_Task item_:
Only these lines of the data below are wanted: the one with "5月4日,在山東省青島市即墨", the one with "Ensemble chemise et", and any lines between them, each repeated exactly.

_Provided records_:
★ ★ ★ ★
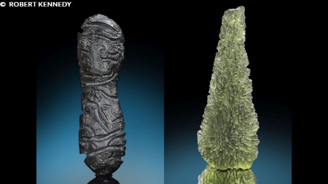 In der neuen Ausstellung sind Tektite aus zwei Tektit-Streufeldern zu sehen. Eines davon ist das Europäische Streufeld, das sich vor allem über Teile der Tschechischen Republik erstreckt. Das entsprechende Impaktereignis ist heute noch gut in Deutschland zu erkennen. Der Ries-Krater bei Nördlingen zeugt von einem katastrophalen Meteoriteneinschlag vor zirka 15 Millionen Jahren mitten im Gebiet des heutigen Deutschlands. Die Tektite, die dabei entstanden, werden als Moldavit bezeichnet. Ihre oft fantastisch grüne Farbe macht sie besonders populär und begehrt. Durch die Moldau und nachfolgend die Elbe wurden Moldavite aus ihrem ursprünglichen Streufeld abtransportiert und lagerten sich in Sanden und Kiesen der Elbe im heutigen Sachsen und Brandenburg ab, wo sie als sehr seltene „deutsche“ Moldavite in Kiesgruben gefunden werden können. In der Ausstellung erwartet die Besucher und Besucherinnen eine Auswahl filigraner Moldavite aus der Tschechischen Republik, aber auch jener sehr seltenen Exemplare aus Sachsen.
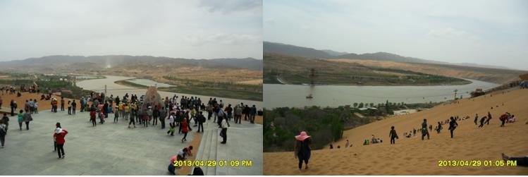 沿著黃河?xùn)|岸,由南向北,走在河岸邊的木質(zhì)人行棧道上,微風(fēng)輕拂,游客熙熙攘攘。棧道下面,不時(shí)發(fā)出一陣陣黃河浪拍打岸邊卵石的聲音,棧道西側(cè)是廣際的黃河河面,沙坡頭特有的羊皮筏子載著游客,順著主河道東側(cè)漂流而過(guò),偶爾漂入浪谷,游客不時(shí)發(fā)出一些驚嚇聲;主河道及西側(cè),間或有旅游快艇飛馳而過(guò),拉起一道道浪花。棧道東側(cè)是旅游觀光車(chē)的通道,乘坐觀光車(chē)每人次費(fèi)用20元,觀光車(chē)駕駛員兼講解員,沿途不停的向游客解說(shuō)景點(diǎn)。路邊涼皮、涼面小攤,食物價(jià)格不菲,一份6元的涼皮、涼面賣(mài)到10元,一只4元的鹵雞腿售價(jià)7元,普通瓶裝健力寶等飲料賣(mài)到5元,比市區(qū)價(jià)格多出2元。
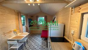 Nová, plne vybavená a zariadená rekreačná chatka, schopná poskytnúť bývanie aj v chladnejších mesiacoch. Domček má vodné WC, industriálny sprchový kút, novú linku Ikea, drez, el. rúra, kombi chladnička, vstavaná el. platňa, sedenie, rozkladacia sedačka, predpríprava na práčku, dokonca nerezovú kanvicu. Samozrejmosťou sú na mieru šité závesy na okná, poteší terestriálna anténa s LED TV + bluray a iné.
★ ★ ★ ★
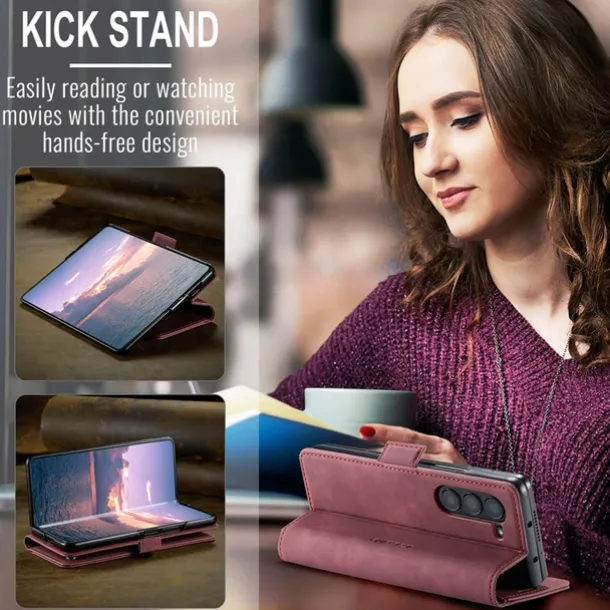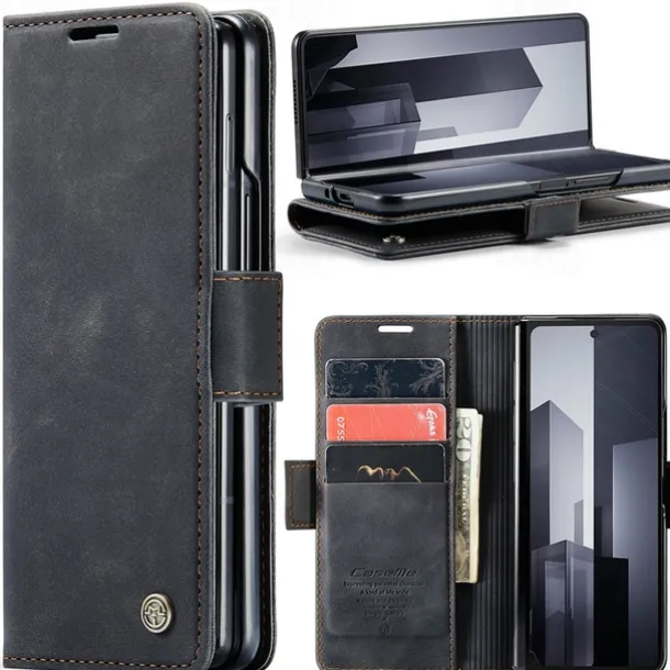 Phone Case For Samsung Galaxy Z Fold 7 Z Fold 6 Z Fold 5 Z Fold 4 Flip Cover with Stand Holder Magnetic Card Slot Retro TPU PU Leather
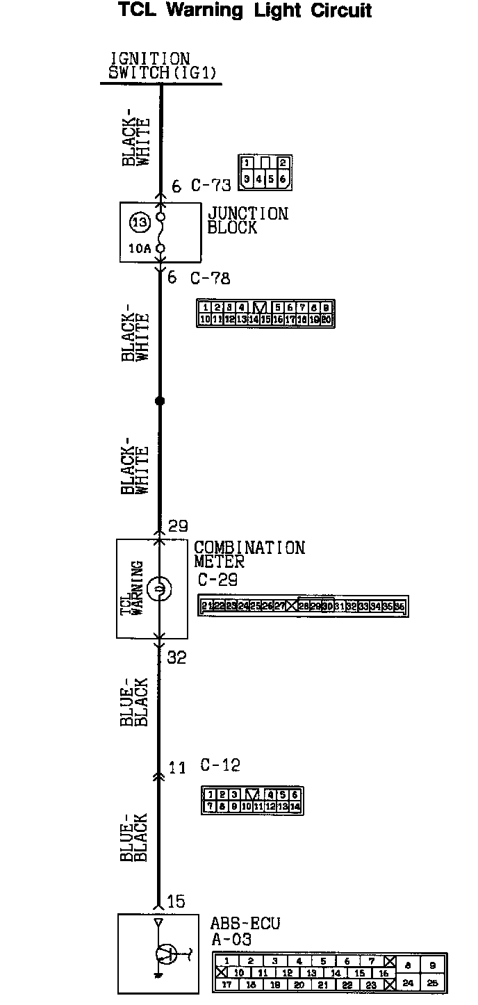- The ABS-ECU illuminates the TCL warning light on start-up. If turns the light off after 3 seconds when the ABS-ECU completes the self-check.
★ ★ ★ ★
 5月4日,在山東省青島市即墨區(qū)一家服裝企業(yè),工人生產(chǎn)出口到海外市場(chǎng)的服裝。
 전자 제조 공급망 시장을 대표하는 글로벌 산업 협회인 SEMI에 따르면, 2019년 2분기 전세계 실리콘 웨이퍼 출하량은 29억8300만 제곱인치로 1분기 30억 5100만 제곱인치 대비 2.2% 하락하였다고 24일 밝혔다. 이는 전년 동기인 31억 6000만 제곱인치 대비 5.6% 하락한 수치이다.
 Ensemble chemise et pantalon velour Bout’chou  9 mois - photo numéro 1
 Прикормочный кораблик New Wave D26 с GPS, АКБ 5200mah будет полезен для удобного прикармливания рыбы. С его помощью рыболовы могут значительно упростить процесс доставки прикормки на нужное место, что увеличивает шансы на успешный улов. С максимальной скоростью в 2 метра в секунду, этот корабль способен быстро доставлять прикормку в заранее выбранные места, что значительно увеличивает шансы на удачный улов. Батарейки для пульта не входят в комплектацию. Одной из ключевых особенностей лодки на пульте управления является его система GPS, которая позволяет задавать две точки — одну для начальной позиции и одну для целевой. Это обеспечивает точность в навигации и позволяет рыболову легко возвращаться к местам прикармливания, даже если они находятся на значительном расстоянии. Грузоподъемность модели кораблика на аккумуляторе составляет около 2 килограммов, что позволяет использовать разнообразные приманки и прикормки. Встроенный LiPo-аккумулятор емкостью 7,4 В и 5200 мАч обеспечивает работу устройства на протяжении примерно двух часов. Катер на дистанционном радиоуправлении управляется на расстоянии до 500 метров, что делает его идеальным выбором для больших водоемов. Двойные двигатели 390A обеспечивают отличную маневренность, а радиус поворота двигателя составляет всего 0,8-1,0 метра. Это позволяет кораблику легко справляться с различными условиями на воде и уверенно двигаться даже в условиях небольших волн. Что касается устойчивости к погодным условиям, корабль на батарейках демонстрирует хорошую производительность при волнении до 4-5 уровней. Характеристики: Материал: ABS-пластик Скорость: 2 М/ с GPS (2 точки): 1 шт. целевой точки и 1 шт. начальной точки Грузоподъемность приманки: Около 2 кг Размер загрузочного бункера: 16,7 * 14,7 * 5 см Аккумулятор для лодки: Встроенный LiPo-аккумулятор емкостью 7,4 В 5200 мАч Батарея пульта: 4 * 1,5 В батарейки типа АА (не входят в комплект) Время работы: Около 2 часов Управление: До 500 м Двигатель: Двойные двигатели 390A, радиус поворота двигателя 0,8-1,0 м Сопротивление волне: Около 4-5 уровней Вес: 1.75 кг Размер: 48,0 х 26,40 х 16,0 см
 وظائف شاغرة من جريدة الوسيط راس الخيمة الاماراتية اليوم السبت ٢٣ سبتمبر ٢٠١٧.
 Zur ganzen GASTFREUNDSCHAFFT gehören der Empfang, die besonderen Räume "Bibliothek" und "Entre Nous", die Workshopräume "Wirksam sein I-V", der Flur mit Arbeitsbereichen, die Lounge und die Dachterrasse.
★ ★ ★ ★
_Exercise response_:
 5月4日,在山東省青島市即墨區(qū)一家服裝企業(yè),工人生產(chǎn)出口到海外市場(chǎng)的服裝。
 전자 제조 공급망 시장을 대표하는 글로벌 산업 협회인 SEMI에 따르면, 2019년 2분기 전세계 실리콘 웨이퍼 출하량은 29억8300만 제곱인치로 1분기 30억 5100만 제곱인치 대비 2.2% 하락하였다고 24일 밝혔다. 이는 전년 동기인 31억 6000만 제곱인치 대비 5.6% 하락한 수치이다.
 Ensemble chemise et pantalon velour Bout’chou  9 mois - photo numéro 1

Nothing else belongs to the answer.